In a haze of pain and fury, I reached the road. There I succumbed, and collapsed against a stone which proclaimed I was exactly three miles from the Milion.

‘Are you well?’

I opened my eyes, which had drifted shut for a second. I was sitting at the edge of the Via Egnatia, my back supported by the milestone, with the boy’s head resting in my arms. His face seemed peaceful — more peaceful than the rest of his ravaged body, at least — but pale, and clammy. When I touched a hand to his cheek it was fearfully cold.

‘Are you well?’

I looked up to meet the insistent voice. It was a drayman, his face shaded by a broad-brimmed hat, standing before a cart loaded with clay pots. He spoke in a kindly voice which, after a moment’s confusion, I answered.

‘Well enough. But the boy is in a perilous state. He needs a doctor.’

The drayman nodded. ‘There is a doctor at the monastery of Saint Andrew. I can carry your boy there on my cart — my journey passes it. I am going to the cemetery.’

‘I’m trying my best to avoid the cemetery,’ I said with feeling. ‘But I would be grateful to go as far as the monastery.’

We lifted the boy carefully onto the cart, laying him over the jars of incense and unguents, and set off, travelling as quickly as we dared without aggravating his wounds on the rutted road.

‘What are your perfumes for?’ I asked the drayman, thinking the least I could do was reward his help with conversation.

‘For the dead,’ he said solemnly. ‘The embalmers use them.’

We walked the rest of the way in silence, though mercifully it was a short enough journey. The drayman pulled his cart through the low arch of the monastery gate into a cloistered, whitewashed courtyard, and we laid the boy out on the flagstones. I gave the man two obols for his aid; then he left me.

A monk appeared and stared at me disapprovingly.

‘We are at prayer,’ he told me. ‘Petitioners are heard at the tenth hour.’

‘My petition may not wait that long.’ Too exhausted to argue more decisively, I merely jerked my thumb to where the boy was lying. ‘If the Lord will not hear my plea until then, perhaps your doctor will.’

It may have been a blasphemous suggestion, but I was past caring. The monk tutted, and hurried away.

The tinny bell in the dome of the church struck eight, and monks began streaming out of the chapel in front of me. All ignored me. I watched them pass with ever-mounting fury, until I thought I would roar out my opinion of their Christian charity to their self-regarding faces. But just then a new figure appeared, a servant girl in an unadorned green dress, with a silken cord tied around her waist.

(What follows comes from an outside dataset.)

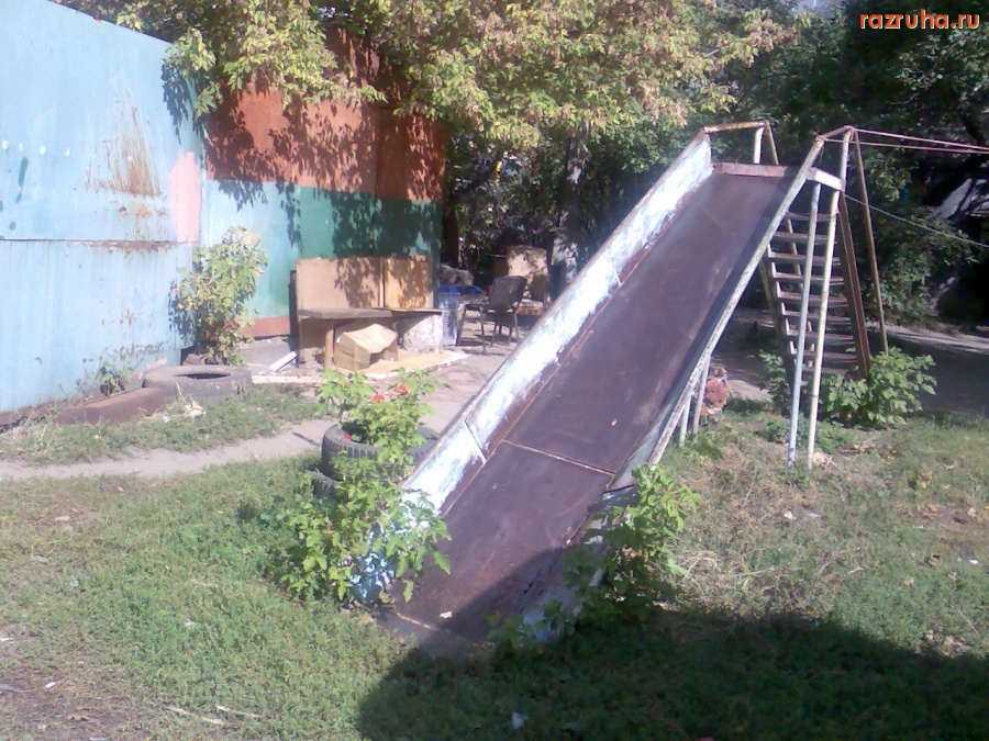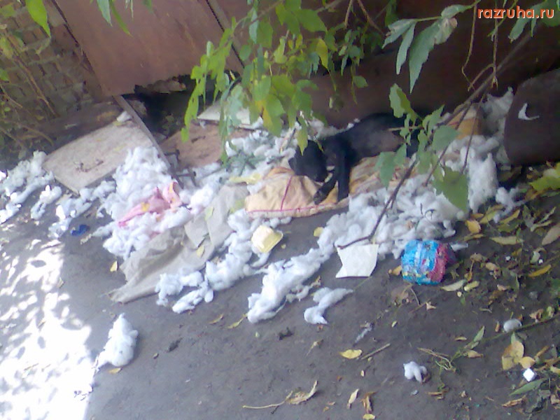 Даже кошка дохлая валяется, но зато прямо у помойка горка, чтоб дети катались!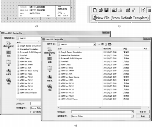 c)圖樣模板上的設(shè)計(jì)信息d)新建設(shè)計(jì)的快捷菜單e)“Load ISIS Design File”和“Save ISIS Design File”對(duì)話框

I was surprised to see her, for I would have thought the novices could do whatever chores she performed, but she seemed to have noticed me and for that I was grateful.

‘You asked for a doctor?’ she said, looking down on me with none of the humility or reserve expected of her sex and her station. I did not care.

‘I did. Can you find me one?’ I forsook the usual forms of courtesy. ‘This boy is dying.’

‘So I see.’ She knelt beside him to put two fingers to his wrist, and laid her palm against his forehead. Her hands, I noticed, were very clean for a servant’s. ‘Has he lost much blood?’

‘All you can see.’ One entire leg was cased in crusted blood. ‘And more. But fetch me a doctor — he will know what to do.’

‘He will indeed.’ She spoke as immodestly as her apparel, this girl, for she wore no palla to wrap her head and shoulders. Though truly, she could not be called a girl, I realised, for her uncovered face and bright eyes held a wisdom and a knowledge that only age can inscribe. Yet she wore her black hair long, tied behind her with a green ribbon like a child’s. And like a child, I saw, she showed no sign of obeying me, but continued to stare with the tactless fascination of the young.